-- WHAT THE TASK ASKS --
Each line of the data below should be restated exactly, with images left out.
---
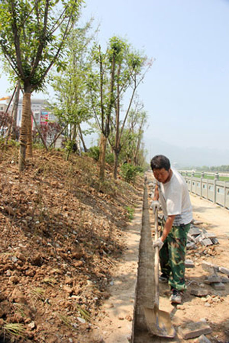本报讯 (记者吴宏强 王玮通讯员张均 吴量) 18日,记者在诗经东路建设施工现场看到,工人们顶着烈日正在进行景观瓷砖铺装以及道路绿化、护坡绿化作业,道路两旁的植绿工程已基本完成,人行道、踏步等市政配套工程建设正快速推进。
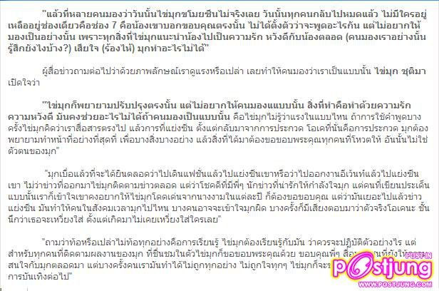 ปุ๊กลุกกล่าวว่า “คิดว่าท่าทางพี่เขาน่าจะเอ็นดูน้องๆ ในช่องมากกว่า เหมือนต้อนรับที่เราเข้าวงการมาใหม่ หนูไม่คิดว่าพี่เขาเป็นคาสโนว่านะ หนูกลับมองว่าเขาเป็นคนที่มีมิตรภาพ ทำให้คนรอบข้างที่อยู่ด้วยมีความสุขมีเสียงหัวเราะ”
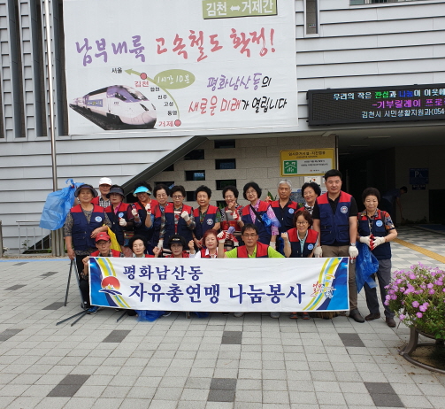 민족의 대명절인 추석을 맞이하여 평화시장과 상가를 찾는 시민들에게 쾌적한 명절 분위기를 제공하고, 김천역을 이용하는 귀성객에게 깨끗한 김천의 이미지를 심어주기 위하여 실시된 이날 봉사활동은 한국자유총연맹 평화남산동분회 회원 30여 명이 참가하였다.
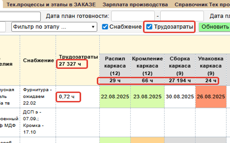 Если у сотрудника установлена эта настройка, в отчете в верхнем блоке появляется поле Трудозатраты с установленным флагом. Появляется столбец Трудозатраты с указанием общего количества времени на выполнение всех невыполненных этапов и по заказам. Отображается трудозатраты по каждому этапу.
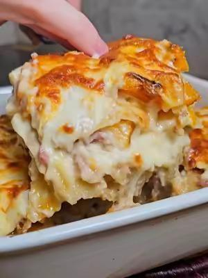 7. Place a little béchamel in the bottom of the dish, a layer of pasta, a little butter, the bacon, then pasta, béchamel, and so on. Finish with a layer of béchamel and a sprinkle of grated cheese on top.
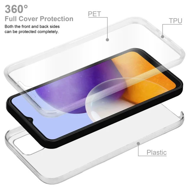 CADORABO Samsung v prozorni - 360 -° zaščitni pokrov celotnega telesa - zaščita pred sprednjim in hrbtom, vsestransko zaščito z zaščitnikom zaslona
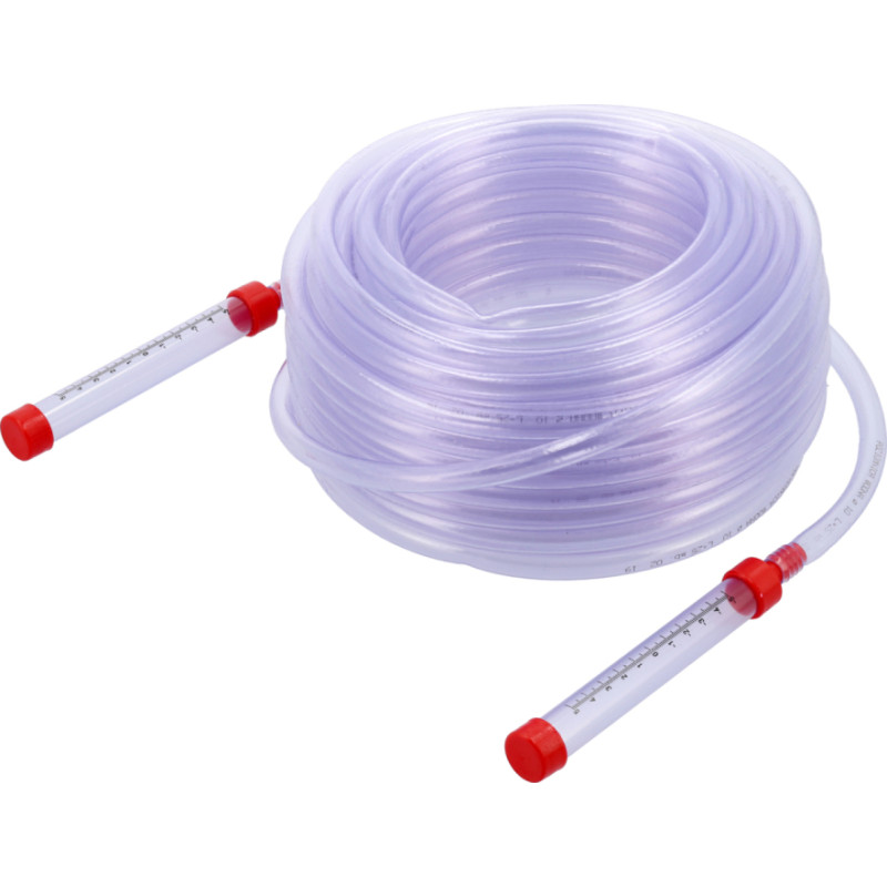 1. Piepildiet šļūteni ar ūdeni bez gaisa burbuļiem, gandrīz līdz pilnai (šļūtenes galos atstājiet gaisa kolonnas apmēram 5-10 cm).
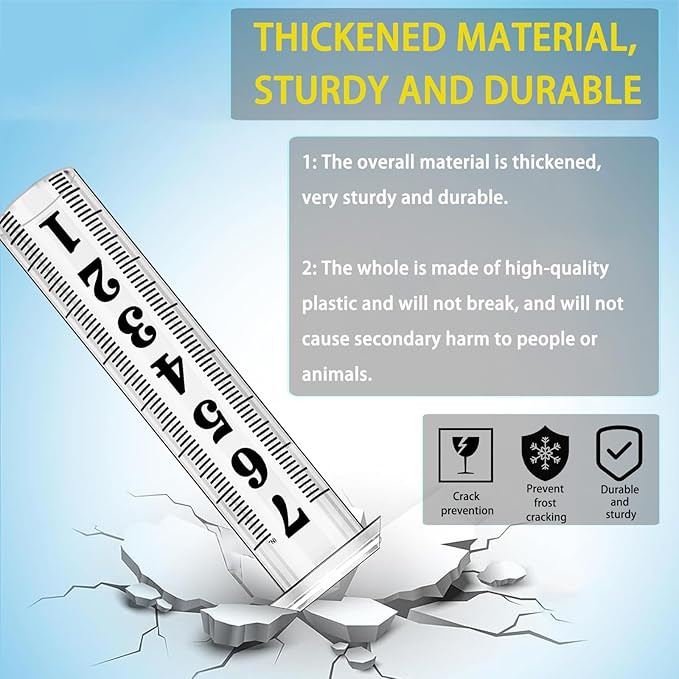 - High Quality Rain Gauge Tube -- The rain gauge replacement tube is made of high-quality, thickened, and durable plastic, which is clear and textured. Not easy to turn yellow or freeze crack even though long exposure outdoors.
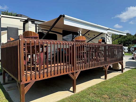Are you looking for your seasonal or year round retreat in the beautiful North GA mountains? Look no further. This 2018 Montana 5th wheel comes fully furnished with large deck, outdoor covered living/kitchen area with two grills and log sided storage shed. All your outdoor furniture, TV, and golf cart included. Community has welcome center, clubhouse, activities center, bathhouse, laundry, spa and fitness center with bar area. Two pools,Jacuzzi spa, double-sided waterfall, dry sauna/steam room, two massage rooms, gym, putt-putt greens, pool tables, card tables, dart boards, croquet, dog park, trout streams, shuffle board, horseshoes, tennis and pickleball courts.
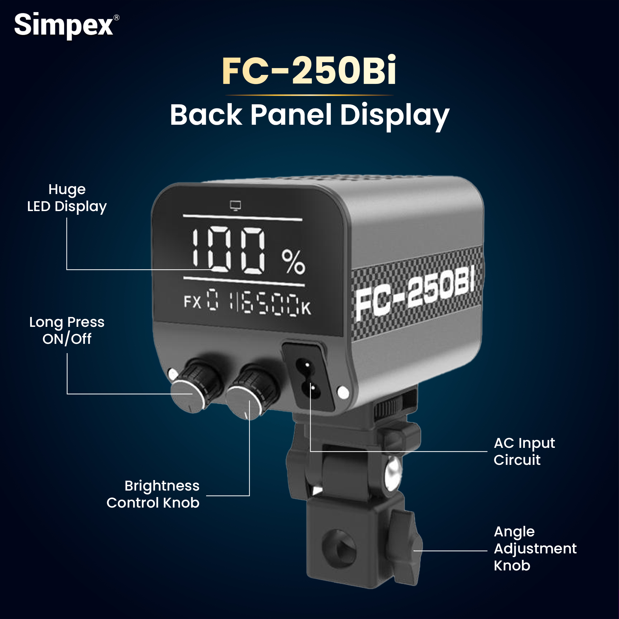 FC 250 bi is a latest entrant in Simpex lighting products, it is so light weight that is specially designed for creators in video production with compact studio space.
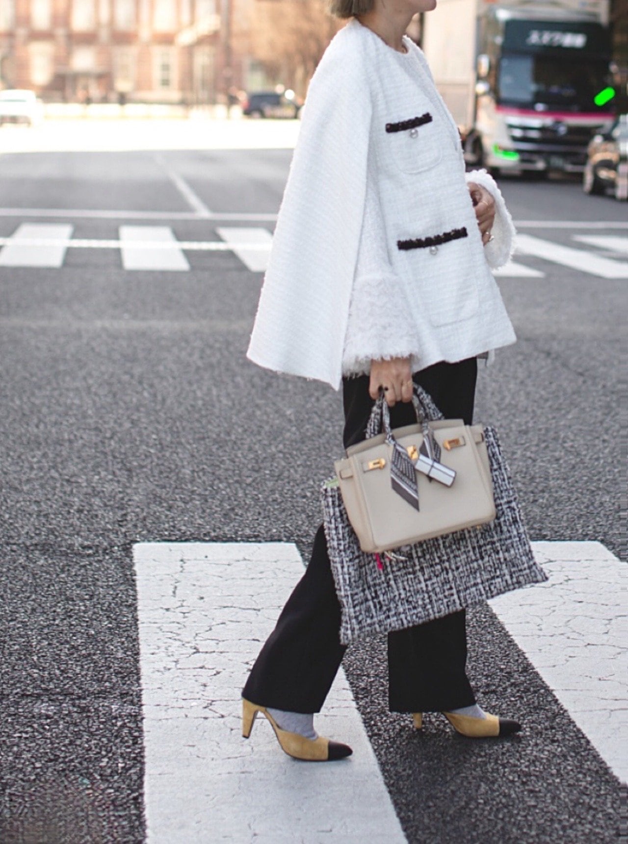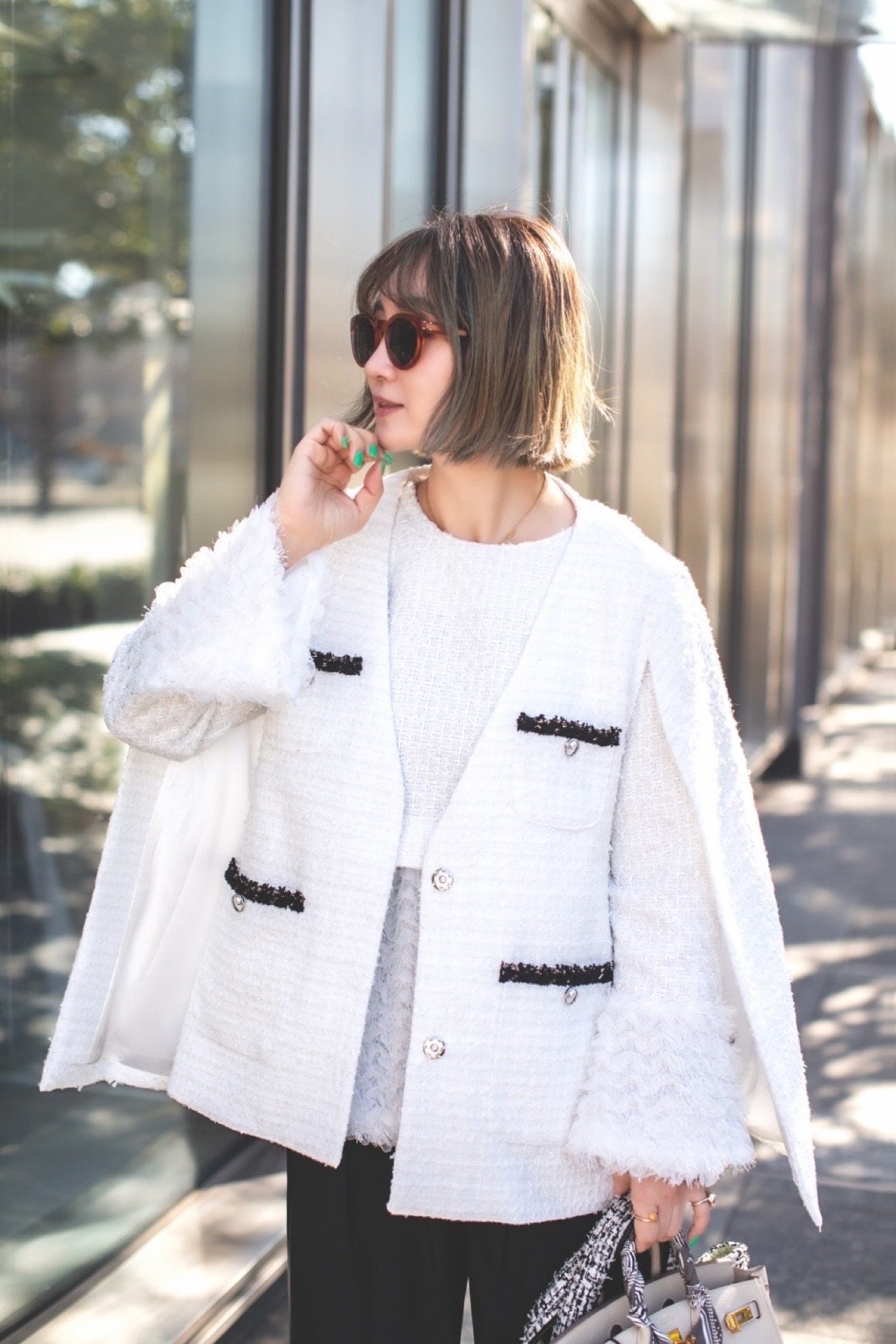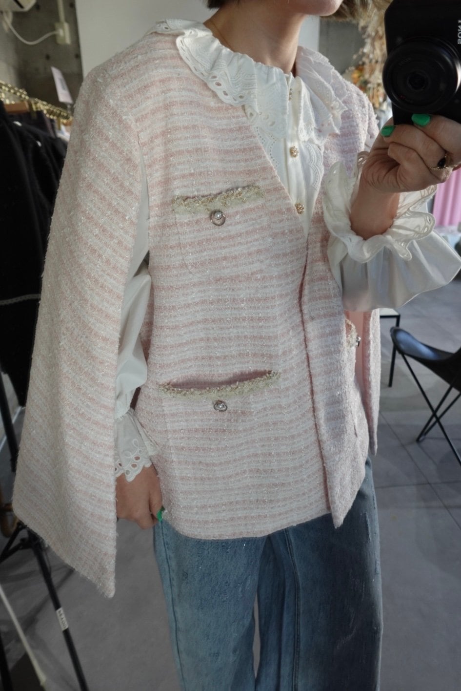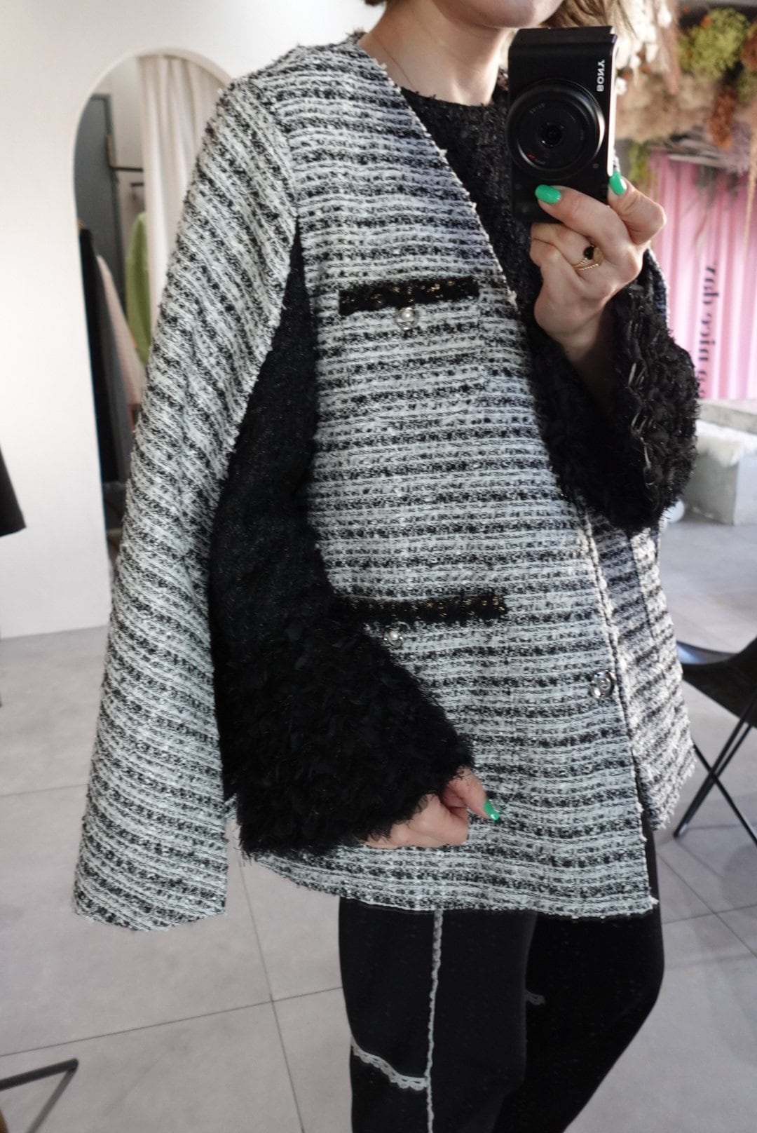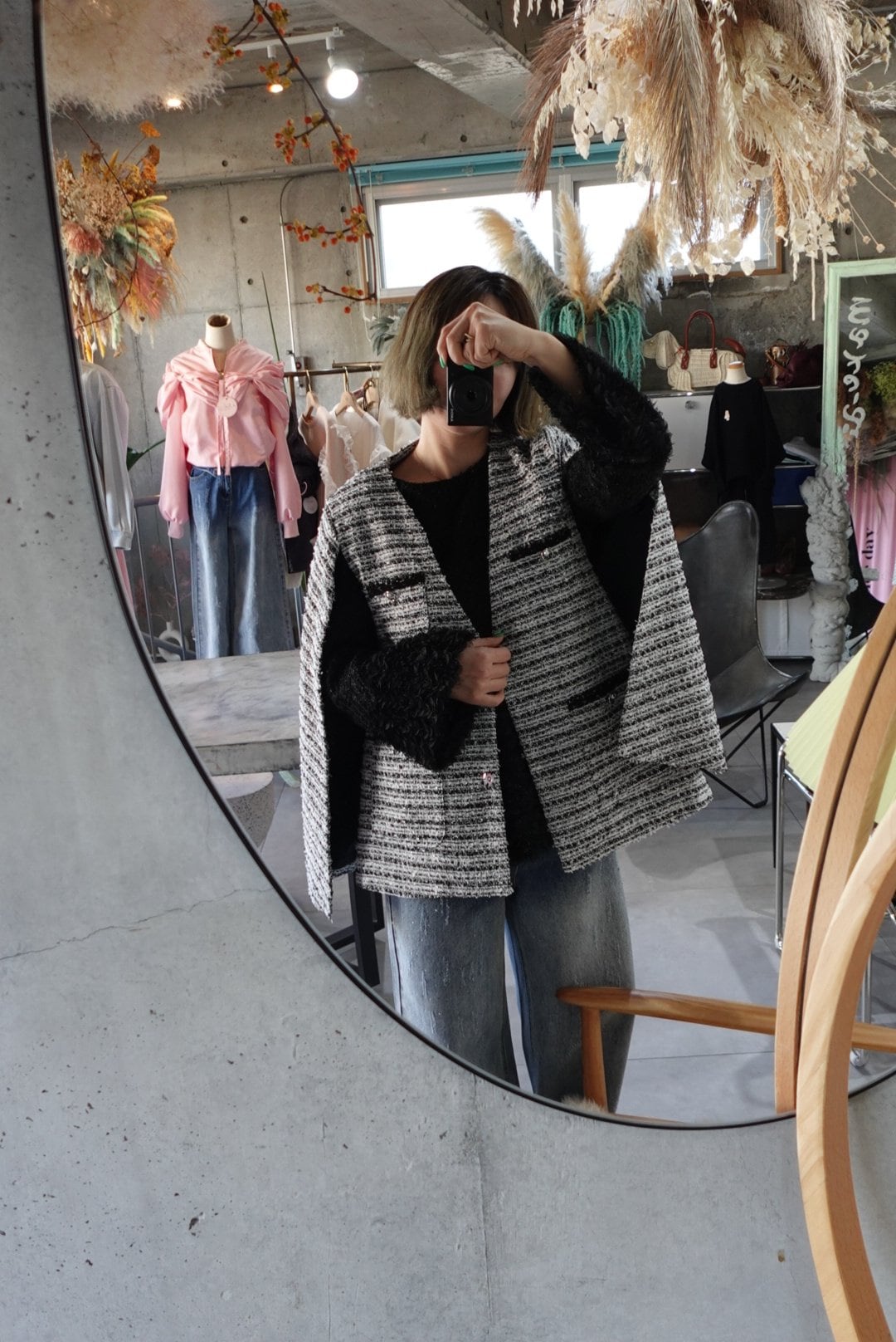 しっかりした高級なツイード生地やデザイン性の高いパールボタンは年齢問わず長く愛用していただけるアイテムです。
---
-- RESULT OF THE EXERCISE --
本报讯 (记者吴宏强 王玮通讯员张均 吴量) 18日,记者在诗经东路建设施工现场看到,工人们顶着烈日正在进行景观瓷砖铺装以及道路绿化、护坡绿化作业,道路两旁的植绿工程已基本完成,人行道、踏步等市政配套工程建设正快速推进。
 ปุ๊กลุกกล่าวว่า “คิดว่าท่าทางพี่เขาน่าจะเอ็นดูน้องๆ ในช่องมากกว่า เหมือนต้อนรับที่เราเข้าวงการมาใหม่ หนูไม่คิดว่าพี่เขาเป็นคาสโนว่านะ หนูกลับมองว่าเขาเป็นคนที่มีมิตรภาพ ทำให้คนรอบข้างที่อยู่ด้วยมีความสุขมีเสียงหัวเราะ”
 민족의 대명절인 추석을 맞이하여 평화시장과 상가를 찾는 시민들에게 쾌적한 명절 분위기를 제공하고, 김천역을 이용하는 귀성객에게 깨끗한 김천의 이미지를 심어주기 위하여 실시된 이날 봉사활동은 한국자유총연맹 평화남산동분회 회원 30여 명이 참가하였다.
 Если у сотрудника установлена эта настройка, в отчете в верхнем блоке появляется поле Трудозатраты с установленным флагом. Появляется столбец Трудозатраты с указанием общего количества времени на выполнение всех невыполненных этапов и по заказам. Отображается трудозатраты по каждому этапу.
 7. Place a little béchamel in the bottom of the dish, a layer of pasta, a little butter, the bacon, then pasta, béchamel, and so on. Finish with a layer of béchamel and a sprinkle of grated cheese on top.
 CADORABO Samsung v prozorni - 360 -° zaščitni pokrov celotnega telesa - zaščita pred sprednjim in hrbtom, vsestransko zaščito z zaščitnikom zaslona
 1. Piepildiet šļūteni ar ūdeni bez gaisa burbuļiem, gandrīz līdz pilnai (šļūtenes galos atstājiet gaisa kolonnas apmēram 5-10 cm).
 - High Quality Rain Gauge Tube -- The rain gauge replacement tube is made of high-quality, thickened, and durable plastic, which is clear and textured. Not easy to turn yellow or freeze crack even though long exposure outdoors.
Are you looking for your seasonal or year round retreat in the beautiful North GA mountains? Look no further. This 2018 Montana 5th wheel comes fully furnished with large deck, outdoor covered living/kitchen area with two grills and log sided storage shed. All your outdoor furniture, TV, and golf cart included. Community has welcome center, clubhouse, activities center, bathhouse, laundry, spa and fitness center with bar area. Two pools,Jacuzzi spa, double-sided waterfall, dry sauna/steam room, two massage rooms, gym, putt-putt greens, pool tables, card tables, dart boards, croquet, dog park, trout streams, shuffle board, horseshoes, tennis and pickleball courts.
 FC 250 bi is a latest entrant in Simpex lighting products, it is so light weight that is specially designed for creators in video production with compact studio space.
 しっかりした高級なツイード生地やデザイン性の高いパールボタンは年齢問わず長く愛用していただけるアイテムです。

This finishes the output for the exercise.